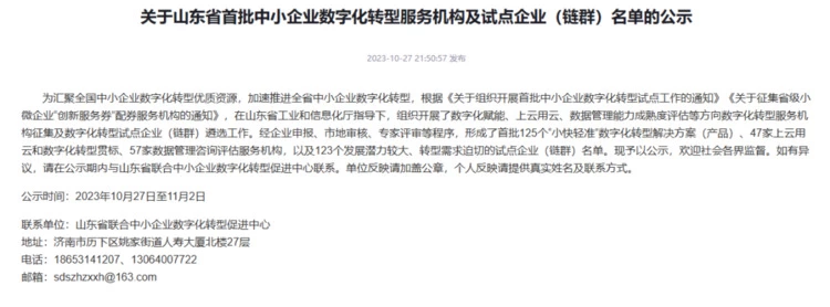此次,数字化转型服务机构征集及数字化转型试点企业(链群)遴选工作,根据《关于组织开展首批中小企业数字化转型试点工作的通知》《关于征集省级小微企业“创新服务券”配券服务机构的通知》要求,在山东省工业和信息化厅指导下开展,经企业申报、市地审核、专家评审等程序,形成了首批125个“小快轻准”数字化转型解决方案(产品)、47家上云用云和数字化转型贯标、57家数据管理咨询评估服务机构,以及123个发展潜力较大、转型需求迫切的试点企业(链群)名单。
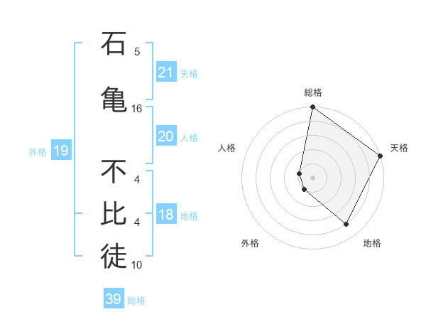 石亀 不比徒さんを姓名の画数から五運を鑑定
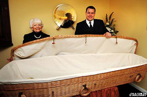 英國諾威奇附近威蒙漢姆小鎮上的羅斯戴爾殯儀館推出的綠色環保棺材非常受追捧。經理安妮·貝克特-艾倫稱,棺材原料采用竹子、柳條和菠蘿葉,既環保又有新意,深受顧客喜愛。
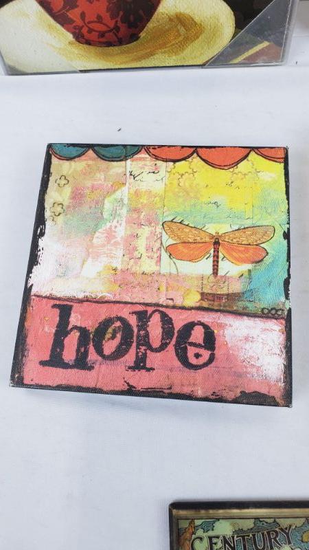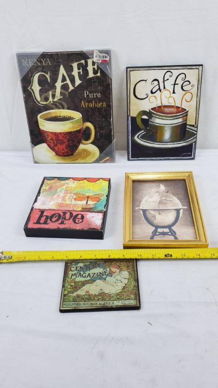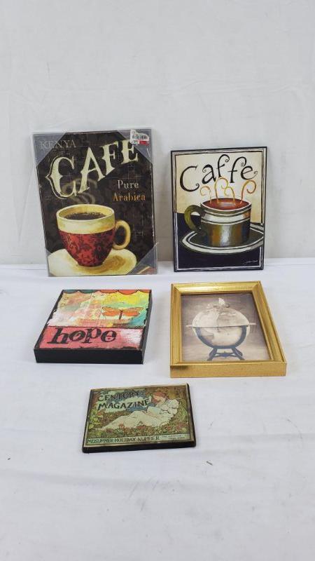 Wall Decor, 5 Pieces: 2 Cafe Pictures/1 Hope Picture/1 Baby Sleeping on World/1 Century Magazine Plaque
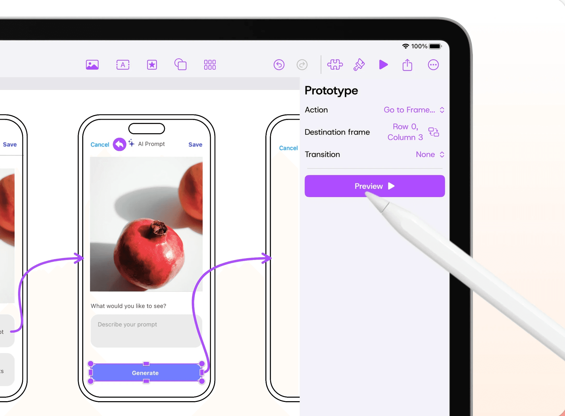 Connect frames to create interactive flows with smooth navigation and seamless transitions.
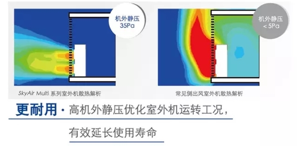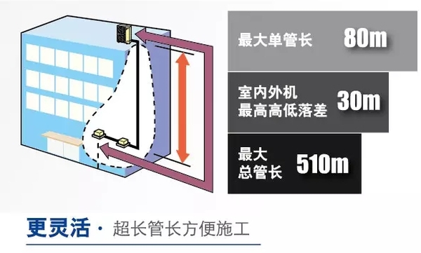 SkyAirMulti系列不僅機身小巧,可以根據(jù)業(yè)主需要隱藏在店鋪招牌后方、屋頂或建筑周邊綠化中,同時還輔以了長配管設(shè)計和高機外靜壓,相較普通分體式一拖一空調(diào),連接長配管時空調(diào)能力更足,散熱能力更佳,具有更好的空調(diào)使用效果。
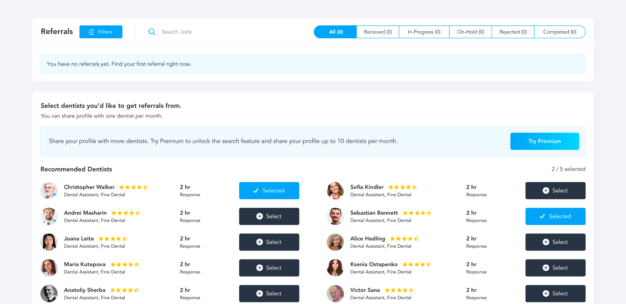 We designed a clear and intuitive dashboard tailored to the needs of dental specialists. Every element — from referral tracking to appointment scheduling — is built to reduce friction and save time. The interface prioritizes usability, HIPAA compliance, and seamless collaboration with general dentists, making complex workflows feel effortless.
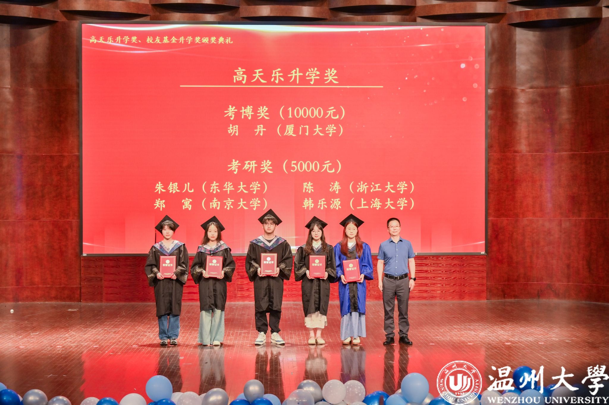 随后举行“校友基金升学奖”颁奖仪式。该升学奖是数理学院校友基金于2024年专设用于奖励成功考取国内外高校、研究机构硕博研究生的应届毕业生,旨在激励更多数理学子勇攀学术高峰。其中,考研奖:考取“双一流”高校奖励1000元,考取海外高校奖励1000元,考取温大奖励800元,考取其他普通高校奖励500元;考博奖:考取国内外高校、研究机构博士研究生的应届硕士毕业生,奖励1000元。
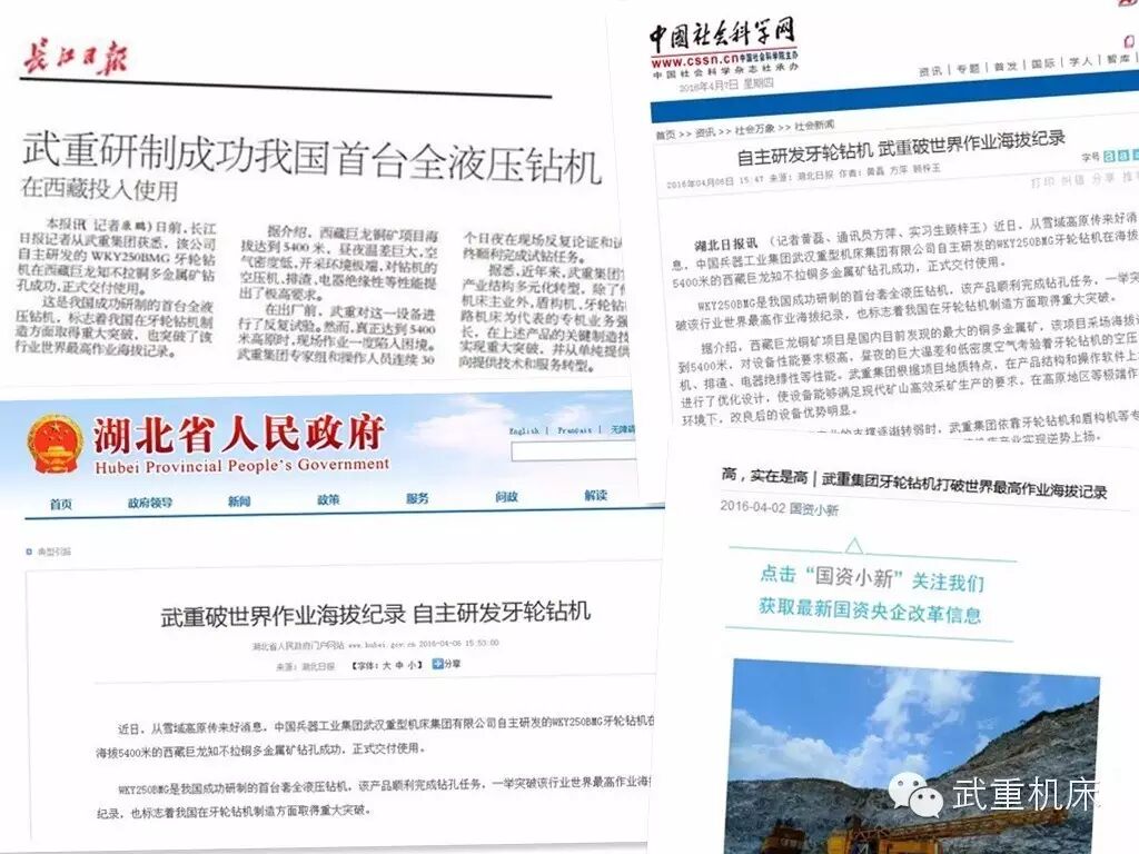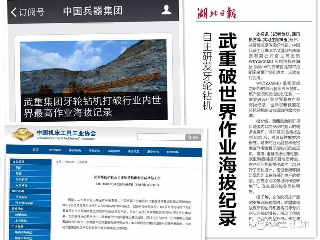 近日,武重集团牙轮钻机打破行业内世界最高作业海拔记录的消息,在国内各大主流媒体、网站频频“露脸”,就连国务院国资委官方微信平台—“国资小新”也进行了转载,今天就由小编带您走进关注背后。

_WORK TO BE COMPLETED_:
Exactly as written, reproduce the lines from the one containing "英國諾威奇附近威蒙漢姆小鎮上" through the last line of the entries above, and leave every picture out.

_WORKED SOLUTION_:
 英國諾威奇附近威蒙漢姆小鎮上的羅斯戴爾殯儀館推出的綠色環保棺材非常受追捧。經理安妮·貝克特-艾倫稱,棺材原料采用竹子、柳條和菠蘿葉,既環保又有新意,深受顧客喜愛。
 Wall Decor, 5 Pieces: 2 Cafe Pictures/1 Hope Picture/1 Baby Sleeping on World/1 Century Magazine Plaque
 Connect frames to create interactive flows with smooth navigation and seamless transitions.
 SkyAirMulti系列不僅機身小巧,可以根據(jù)業(yè)主需要隱藏在店鋪招牌后方、屋頂或建筑周邊綠化中,同時還輔以了長配管設(shè)計和高機外靜壓,相較普通分體式一拖一空調(diào),連接長配管時空調(diào)能力更足,散熱能力更佳,具有更好的空調(diào)使用效果。
 We designed a clear and intuitive dashboard tailored to the needs of dental specialists. Every element — from referral tracking to appointment scheduling — is built to reduce friction and save time. The interface prioritizes usability, HIPAA compliance, and seamless collaboration with general dentists, making complex workflows feel effortless.
 随后举行“校友基金升学奖”颁奖仪式。该升学奖是数理学院校友基金于2024年专设用于奖励成功考取国内外高校、研究机构硕博研究生的应届毕业生,旨在激励更多数理学子勇攀学术高峰。其中,考研奖:考取“双一流”高校奖励1000元,考取海外高校奖励1000元,考取温大奖励800元,考取其他普通高校奖励500元;考博奖:考取国内外高校、研究机构博士研究生的应届硕士毕业生,奖励1000元。
 近日,武重集团牙轮钻机打破行业内世界最高作业海拔记录的消息,在国内各大主流媒体、网站频频“露脸”,就连国务院国资委官方微信平台—“国资小新”也进行了转载,今天就由小编带您走进关注背后。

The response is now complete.